Роман Глушков - Последний барьер
Хорошая мысль. Именно так и поступлю. Даже такое бескомпромиссное занятие, как борьба за жизнь, имеет свои грани разумного. И я эту грань только что переступил… или, если угодно, переплыл.
Но едва я воскресил в памяти лица моей жены Лизы и дочери Ани — что, в отличие от бестолкового барахтания, не отняло у меня ни грамма усилий — как вдруг неподалеку просвистел и бултыхнулся в воду какой-то некрупный предмет. Я видел его краем глаза и мельком, но тем не менее смекнул: он — не отколовшийся от тороса обломок льда.
Но если это не лед, тогда что же?
Свалившаяся в мою полынью штуковина, однако, не канула в ней бесследно. Как выяснилось, она была привязана к тонкому стальному тросу. Вот так сюрприз! Увидев это, я вмиг изгнал из головы пораженческие мысли и, цепляясь за кромку льда, подплыл к тому месту, где трос уходил под воду. После чего начал суетливо выбирать его, наматывая на руку, а второй рукой продолжал удерживать себя на плаву.

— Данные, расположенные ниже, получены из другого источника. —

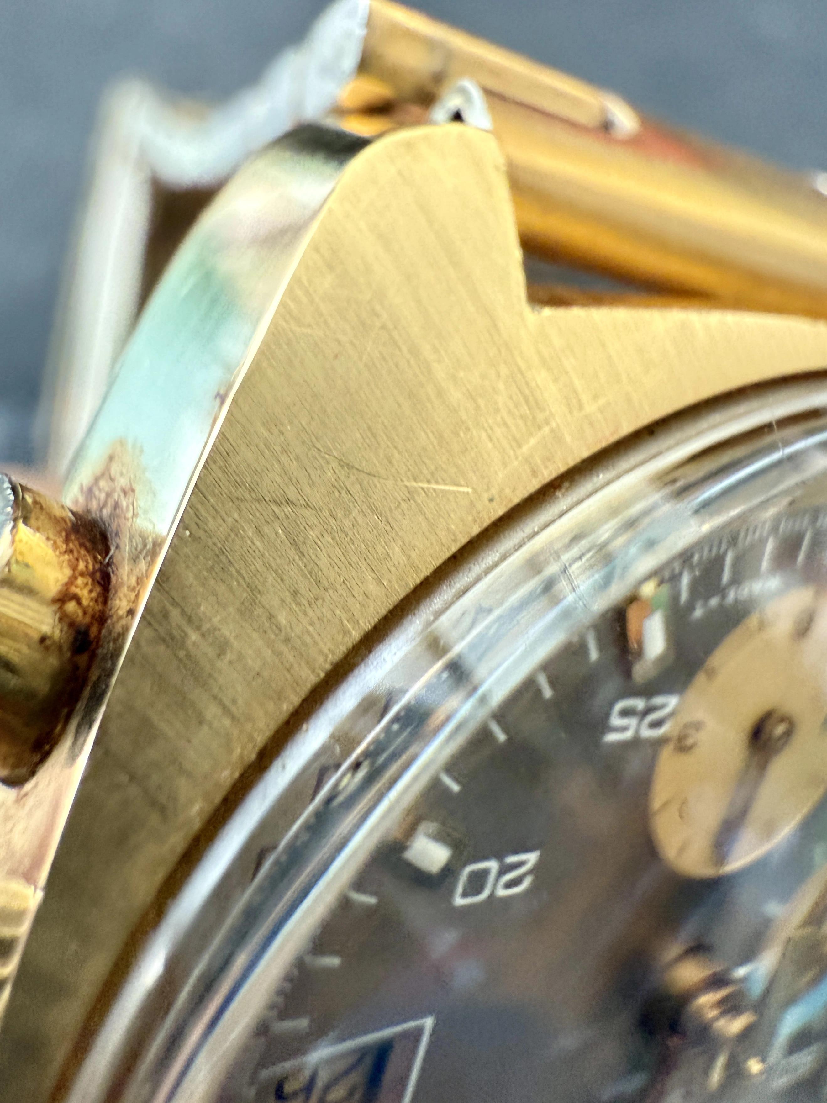 Movement: cal.1040 auto, not serviced in my possession. For the past 10+ years in my possession, I’ve not worn the watch save for photos or 2-3x a morning around the house, unwound. Date wheel clicks through as expected. Winding and time-setting all works as expected. Crono second and minute hands reset to 12 as expected. Based on movement appearance, I’d assume the watch deserves a service were it to be worn/wound with any regularity. (Service was not a priority for me as I largely kept the watch as a great example of an otherwise rare variant.)

На конце троса обнаружился небольшой якорь-кошка, при виде коего я обрадовался еще сильнее. Кто бы ни швырнул мне его с берега — или, скорее всего, выстрелил им из метательного устройства, — я не вправе отвергать помощь этого доброго самаритянина. Любопытно, останется ли он добрым, когда выяснит, что за «золотая рыбка» попалась ему на крючок в водах Химкинского пруда? В Пятизонье порой встречаются благородные сталкеры, способные прийти на помощь собрату-человеку независимо от того, к какой группировке тот принадлежит. Но и у них вряд ли хватит благородства отпустить потом восвояси Алмазного Мангуста, не попытавшись сначала взыскать с него гонорар за спасение. Что ни говори, а даже в богатой на чудеса Зоне алмазы на дороге не валяются. А тем более семь алмазов по пятьсот карат каждый, на какие любой охотник за моей головой мечтает однажды наложить руку.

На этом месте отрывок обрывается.